An avid believer in Indigenous resistance and maintaining independence from tribal governments, Jay was involved in the White Roots of Peace movement and other activism for the rights of Indigenous peoples. He was a fluent Maskoke speaker and taught at the Pemayetv Emahakv Charter School’s Creek Language Immersion Program on the Brighton Seminole Reservation in Florida. Jay shared his knowledge with the world as a teacher, artisan, and historian to the US National Park Service’s Ocmulgee National Monument, Fort Toulouse, and the Moundville Archaeological Park and its Jones Archaeological Museum, where he supervised the production of time period regalia in the living history scenes. He also served as a consultant on the play, Tecumseh at Tokvpvcce, which dramatizes the Shawnee leaders sparking the Red Stick movement among the Maskoke people.

Jay’s skills and knowledge in the Maskoke culture will always be unquestioned. He taught us our language, humility in song and dance, and many methods of finger weaving, appliqué, beadwork, and baldric iconography.

Jay would often say, “Ekerrvhaneckatvlkes; este-cate em ponvkv eteroptten, estimvt oweckat kerreckvres. Este-hvtket oweckekot onkv este-hvtke em accvke vccetvt okotos. Nettv-vtekat este-catet em accvke vccetvt os.” (“You have to know yourself; It is through the Maskoke language that you will know who you are. You’re not a white person, so you’re not supposed to wear white people’s clothes; You’re supposed to wear Indian clothes, every day.”)

Uncle Jay sometimes mentioned that he hoped his life would leave a legacy of cultural revival, and so we say to you, dear uncle: “Mvtat mececkvtet os” (You did just that).

We thank you for all you have gifted us in this world.

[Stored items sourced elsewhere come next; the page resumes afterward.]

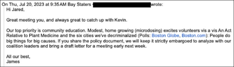 Rather than replying with substantive policy feedback, Davis had answered “our top priority is community education. Modest, home growing (microdosing) excites volunteers vis a vis An Act Relative to Plant Medicine and the six cities we’ve decriminalized.”
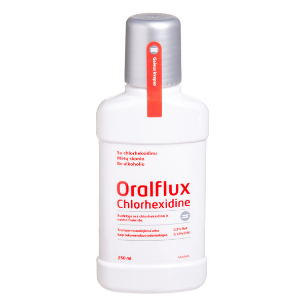ORALFLUX Hlorheksidīns satur 0,12 % hlorheksidīna un 0,2 % nātrija fluorīda. Maiga piparmētru garša, svaiga smarža, bez alkohola un parabēniem, bezkrāsains, ārstniecisks mutes skalošanas līdzeklis.
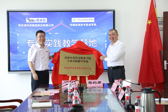 奇安信集团副总裁何新飞会上致词,公司的发展不仅需要创新研发型人才,更需要“懂技术能操作”的高素质“技术技能型人才”。战略合作的达成,对进一步加强公司人才队伍建设,汇聚科研和产业资源,实现校企双方合作共赢、共谋发展具有深远意义。他指出希望通过校企深度协作,双方在共建教师驻企工作站、专业实践教学基地、专业技术协同服务实践中心等多角度实现人才培养供需的无缝对接。努力将网络空间安全产业公司打造成全国高职院校校企合作的新示范,为中原地区经济发展做出应有贡献。
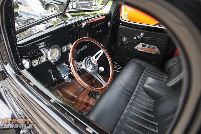 Carl Akins worked with Rick Lefever to build a slick 1932 Ford three-window coupe. Ray Zeller built the 369 cubic-inch Ford engine that has been bolted to a TREMEC five-speed transmission. All the horsepower is transmitted to the road via a Winters quick change rearend. Mick’s Paint took care of the bodywork and Advanced Plating made all the chrome shine like new. Ron Mangus created an amazing custom interior that totally fits the car’s vibe.
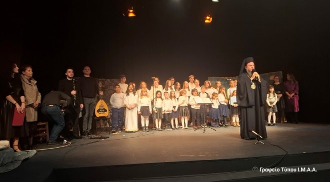 Οι νέοι και οι νέες των κατηχητικών σχολείων της Αρχιερατικής Περιφέρειας Αγρινίου παρουσίασαν την χριστουγεννιάτικη ιστορία «Τα Χριστούγεννα του μπάρμπα-Πανώφ», του Λέοντος Τολστόι, την οποία επιμελήθηκε η κα Δέσποινα Γεωργιάδη και η παιδική θεατρική ομάδα του Ιδρύματος Πολιτισμού της Ιεράς Μητροπόλεως παρουσίασε το θεατρικό δρώμενο «Οι Άγγελοι των Χριστουγεννιάτικών ευχών», σε επιμέλεια του κ. Γιάννη Σταμπέλου.
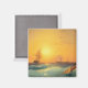 Oil painting by Ivan Aivazovsky, depicting ships and a rowboat near the Rock of Gibraltar. With a clear sky, and a bright orange sunset in the backgound.
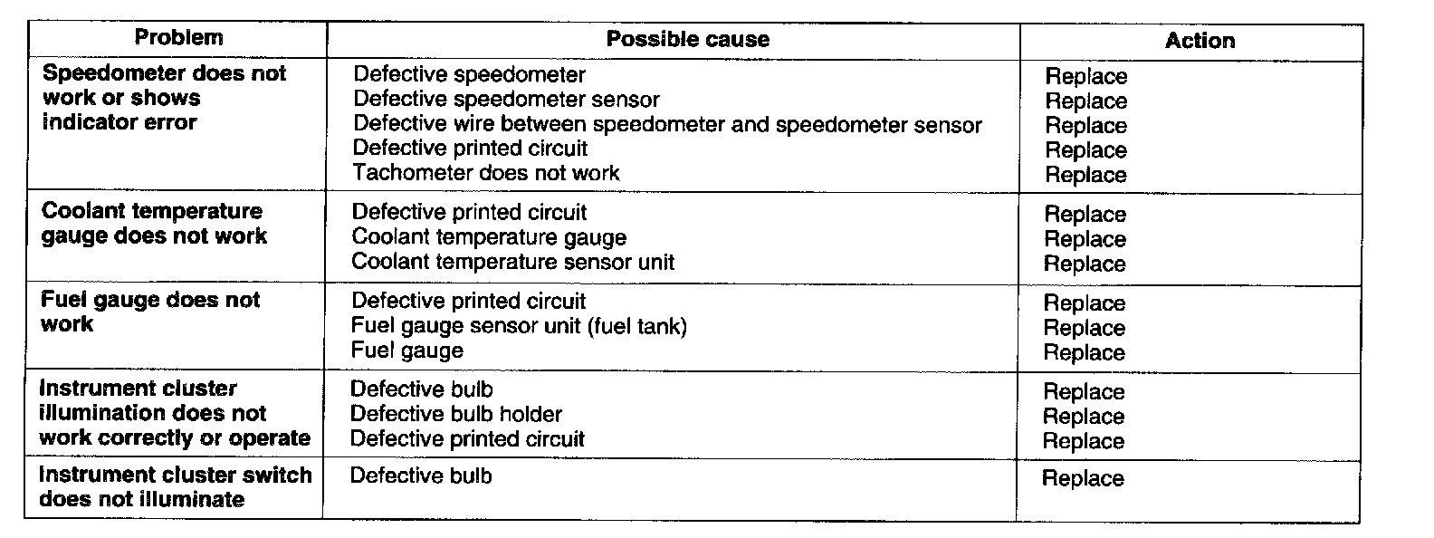 In vehicle use, if an instrument does not run smoothly or indicate correctly, remove instrument and test it in shop to determine fault cause. Remove a tailed bulb by removing instrument cluster. Other problems and their possible causes are listed.

Tahnee M. Ahtone is an American scholar and museum professional with dual degrees in humanities and fine arts. Her research focus includes 20th- and 21st-century costume and textile designs, Indigenous peoples, diversity, and inclusion | link



  1. James mcgirt on

    Jay Mcgirt was all the above and more. Learn so much from him. Jay had a way of of communicating that when he spoke of past events it same as if you and he was living it again. He also has role in stories from Georgia about Chief Macintosh and the force removal of indians to Oklahoma.Very knowledgeable about current events. Just seem he left too early.
    See you Jay, cousin James McGirt

  2. “When you were born, you cried and the world rejoiced. Live your life so that when you die, the world cries and you rejoice.” – (Native American Quote)
    I was introduced to Jay years ago by his blood brother who happens to be my brother in law. Jay was attending a fair in Georgia at the time. I hold very fond memories of that afternoon. l was greatly saddened by his early passing.